Apted began his career in television as a trainee for six months at
Granada Television in
Manchester, where he worked as a researcher. One of his first projects at Granada would become his best known: the
Up series, which began in 1964 as a profile of 14 seven-year-old children for the current affairs series World in Action. As a researcher and assistant to Canadian director
Paul Almond, Apted was involved in selecting the children, who came from a variety of backgrounds and classes.[8] Though originally conceived as a one-off documentary, the series has become an institution. When it was suggested that they revisit the subjects at ages fourteen and twenty one, Apted accepted the offer to direct and directed every subsequent episode in the series.[8] It explores Apted's thesis that the
British class system remains largely in place. It studies the participants based on the
Jesuit motto "Give me a child until he is seven and I will show you the man",[9] looking at how they develop during their lives, compared to when they were seven. The series looks at the lives of these people over the years; the latest instalment, 63 Up, was produced in 2019.[10][11] It won a
Peabody Award in 2012 "for its creator’s patience and its subjects' humanity."[12]
Apted used his idea from the Up series a second time in Married in America and Married in America 2. The idea was to interview nine married couples every two years over a ten-year period to tell a more complete story of their marriages.[18] In 2005, he directed the first three episodes of the TV series Rome.[19]
For his work in television, Apted won several
British Academy Awards, including two Flaherty Documentary Awards for his work on 28 Up and 35 Up and a BAFTA for Best Dramatic Director for the single play Kisses at Fifty in 1974.[20]
In 1979 he directed the Hollywood-financed Agatha, featuring
Vanessa Redgrave.[41] He went to the United States in 1980, where he directed Coal Miner's Daughter,[23] which received seven
Academy Award nominations, winning best actress for
Sissy Spacek.[42] Both Spacek and
Loretta Lynn, the subject of the film, have said that they believe Apted's outsider point of view was crucial to the movie's success in securing the participation of
Appalachian residents and to the avoidance of stereotypes that previously had marred portrayals of
mountain culture.[43][44] In 2019, Coal Miner's Daughter was selected by the
Library of Congress for preservation in the
National Film Registry for being "culturally, historically, or aesthetically significant".[45]
In addition to the
Up series, Apted made other documentaries, including Bring On the Night, a feature-length concert film about the making of
Sting's
first solo album.[54] He directed the documentary The Long Way Home, which was released in 1989. It chronicled the UK, US and USSR adventures of
Boris Grebenshchikov, the first Soviet
underground musician allowed to record in the West.[55]

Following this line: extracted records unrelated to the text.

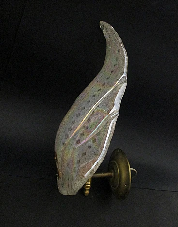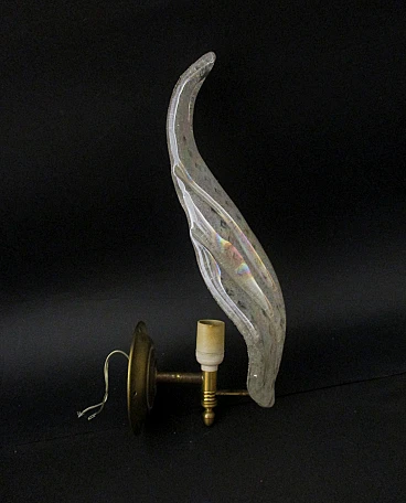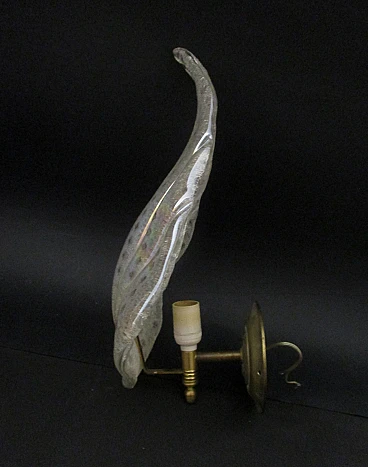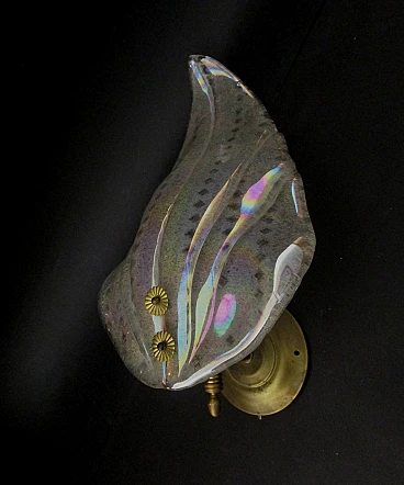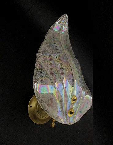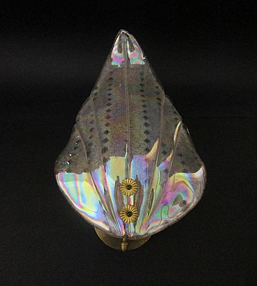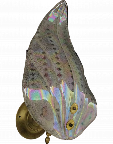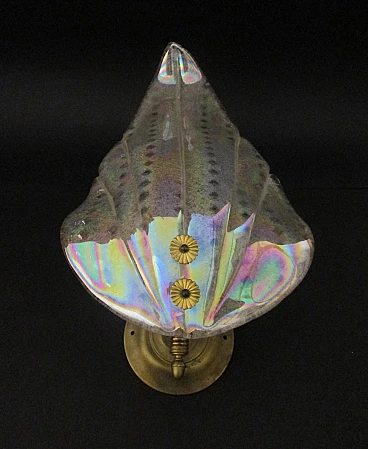 Meravigliosa ed elegante antica grande Applique murano Barovier & Toso epoca 1950 richiamante la forma della foglia , realizzata in vetro di murano soffiato a mano ed avente elementi in ottone impreziositi da ricchi dettagli , monta porta lampade E14 con ghiera in porcellana , questa splendida applique rappresenta il fascino di quel periodo caratterizzato da dettagli sofisticati ed eleganti , molto bella e di notevole impatto scenografico grazie anche ai dettagli realizzati con accuratezza e raffinatezza dai maestri muranesi dell'epoca , manifattura italiana , ideale come oggetto d'arredo per impreziosire qualsiasi ambiente o semplicemente per aggiungervi un tono di eleganza e bellezza , eventuali zone più chiare sono dovute al riflesso della luce artificiale , condizioni ottime usata perfettamente funzionante e come da foto. Dimensioni: altezza cm. 29 - larghezza cm. 20 - profondità cm. 12
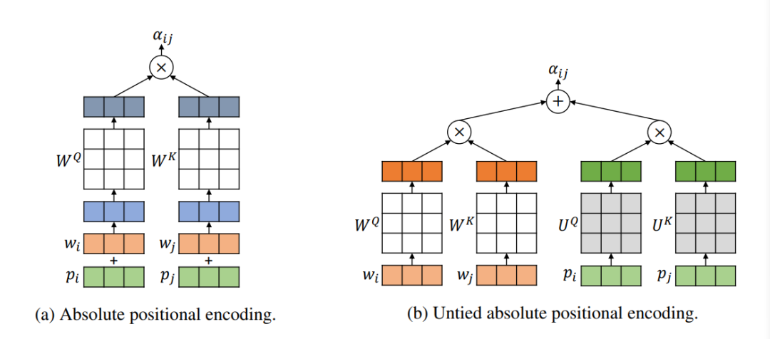 其中, 是把 positional embedding 映射到 Q 和 K 所用的矩阵, 用于维持 的量纲。与相对位置编码相结合,只需将上式改变为
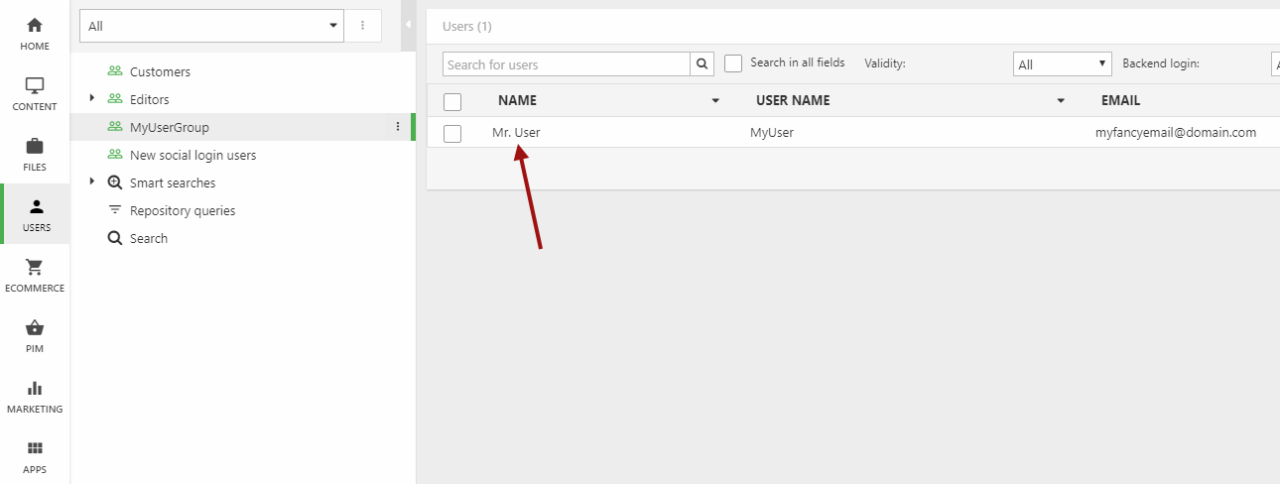 When you are done, click Save and close. You are redirected back to the user list of the user group, where you can now see the new user (Figure 14.3).

Before the making of Thunderheart, Apted made the documentary Incident at Oglala about
Leonard Peltier. Incident at Oglala then informed Thunderheart in the casting of actors for the fiction film.[56]
In a departure from his earlier work, from 1992 to 1994, Apted ventured into China's rapidly changing popular culture. In a project backed by
Trudie Styler, Apted directed Moving the Mountain, a feature documentary which probed the origins of the
1989 protests in Tiananmen Square and the consequences of the movement in the lives of several of the movement's student leaders.[58]
Apted was the collaborator and subject of the documentary: Michael Apted – Visions on Film, by artist and filmmaker
Melinda Camber Porter.[60]
Theatre
In 1977, Apted directed the premiere of Strawberry Fields at the National Theatre in London.
Other roles
He served as president of the
Directors Guild of America from 2003 to 2009 and served as the secretary-treasurer from 2011 to his death.[3]
Personal life and death
Apted's first marriage was to Jo, with whom he had two sons, Paul and Jim.
Paul Apted was a sound editor who worked on movies such as The Wolverine; he died from colon cancer in 2014.[61]
He was married to screenwriter
Dana Stevens for 10 years, before they divorced. They had a son, John.[62]
In 2007 Apted became a father for the fourth time, to a girl, who lives with her mother Tania Mellis.[63]
Apted married Paige Simpson, his third wife, in January 2014.[63]
Apted died at his home in Los Angeles on 7 January 2021, at the age of 79.[6][64][65]